Posted to java-user@lucene.apache.org by Barry Carter <ba...@bigfoot.com> on 2005/07/28 03:42:18 UTC

Lucene vs Derby (vs MySQL) for spatial indexing

Does Lucene optimize range queries that use Sort and/or limit the number 
of hits?

My situation: I have a listing of 2 million cities, with the name,
latitude, longitude, and population of each city.

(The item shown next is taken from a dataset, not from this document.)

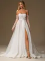 Radiate timeless beauty in this A-line wedding dress, boasting a straight neckline, elegant long sleeves, and a graceful chapel train. With a flattering corset bodice, this gown exudes classic charm and sophistication. Perfect for a bride seeking a blend of traditional elegance and modern allure on her special day.

I want to efficiently
find the 50 most populous cities between (for example) latitudes 35.2 and
41.7 and longitudes 19.8 and 27.9

Assuming I normalize the data to be lexically sorted (in other words, I'll
write 7.52 as 007.52, so it comes before 111.01 instead of after it), can
I use a range query on the latitude and longitude fields (limiting the
number of hits to 50, and sorting by population descending) to efficiently
find what I want?

If sorting isn't efficient, can I simply boost each record by its
population (so that high population cities are returned first) and then
limit the number of hits (so I see only the 50 most populous cities in a
given area)?

I tried this in Derby, the code being:

Statement s = DriverManager.getConnection("jdbc:derby:test;create=false").createStatement();
s.setMaxRows(50);
rs = s.executeQuery("SELECT * FROM cities where lat>35.2 and lat<41.7 and lon>19.8 and lon<27.9 ORDER BY population desc");

but Derby inefficiently looks at ALL the cities matching my criteria (even
with indexes on lat and lon and population) before returning the top 50
(this is really bad when the condition is "lat>-90 and lat<90 and lon>-180
and lon<-180", for example).

The MySQL equivalent ("SELECT * FROM cities where lat>35.2 and lat<41.7
and lon>19.8 and lon<27.9 ORDER BY population desc LIMIT 50") with the
same indexes is more efficient (it uses the LIMIT condition to optimize
the query), and using MySQL w/ spatial indexes is even more efficient.  
However, I'm doing this as part of a Java application, so need something
that can be embedded in Java.

Is this a reasonable use of Lucene? Or is coercing Lucene into doing
range-based numeric queries a bad idea?

(In case anyone's interested, I'm writing a zoomable/pannable world map,
so finding the biggest cities in a given area quickly is important)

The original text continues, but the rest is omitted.